While upstream and downstream industries are similar in that they are both petroleum-based and share common elements, there are also important distinctions between them. Upstream E&P is often referred to as a mining business, while downstream is referred to as a manufacturing business. However, both industries are commodity, margin-based businesses that share an important set of learnings and principles. This common ground presents an opportunity for lessons learned by the downstream sector to be applied to the upstream sector to enable a sustainable level of high asset performance.

Downstream Approach to Asset Management Can Help to Ensure Oil, Gas Production Success

After a field’s oil drilling is complete, an E&P operator focuses on producing, or harvesting, the field’s hydrocarbon resources, typically over a 30- to 50-year period. During the production phase, an operator’s efficiency is critical to effectively manage the field’s oil output in a safe, environmentally responsible manner, and to maximize economic benefit. At this stage, there is much to learn from the downstream approach to asset management that can be applied.

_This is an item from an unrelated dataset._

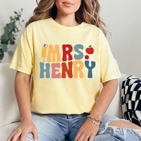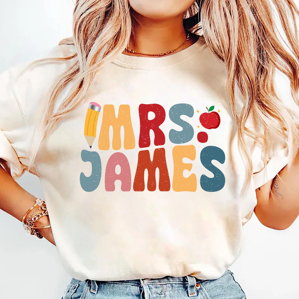 Celebrate your classroom style with this personalized teacher shirt — customize it with your name to create a meaningful and cute teacher outfit for the first day of school or everyday teaching.

In general, upstream E&P has trailed behind the refining industry in terms of operations, technologies, and learnings in areas such as turnarounds, condition-based monitoring, and integrity management. While some downstream tools and metrics cannot be directly applied to upstream due to the basic differences in each business’ nature, there are many lessons from the downstream sector that are directly transferrable to the upstream sector:

  • The First Lesson: Reliability and Cost Are Generally Independent of Facility Age
    Solomon Associates (Solomon) has found that if an operator is focused on retaining integrity and reliability in its mature assets, then these assets should remain competitive in the market, regardless of their age and complexity.
  • The Second Lesson: Reliability Focus Leads to Improvement in Operations
    When operators focus on reliability, factors such as labor, energy efficiency, and overall health, safety, and environment (HSE) and process safety management performance generally improve. Obtaining or restoring a high level of reliability is not an overnight journey, however. A steady commitment over a long period of time is necessary.
  • The Third Lesson: Operators Who Are Effective at Delivering Planned Maintenance Are Likely the Most Efficient in Availability and Reliability
    Operators who are the most effective in delivering planned maintenance activities tend to be the most efficient in terms of availability and reliability. Solomon finds that the operators who get it right have the least amount of planned and unplanned downtime without impacting high production efficiency performance.
  • The Fourth Lesson: Operational Excellence, Not Technology, Is Responsible for Most Improvement Gains
    While technological advances have enabled incremental gains in efficiency over time, Solomon finds that most improvement gains come through operational excellence and practicing the business fundamentals found in lessons learned. For example, digital technologies can allow an operator to more quickly spot a performance deviation and intervene at an early stage. Tapping into the opportunity gaps, however, requires more than the latest technology.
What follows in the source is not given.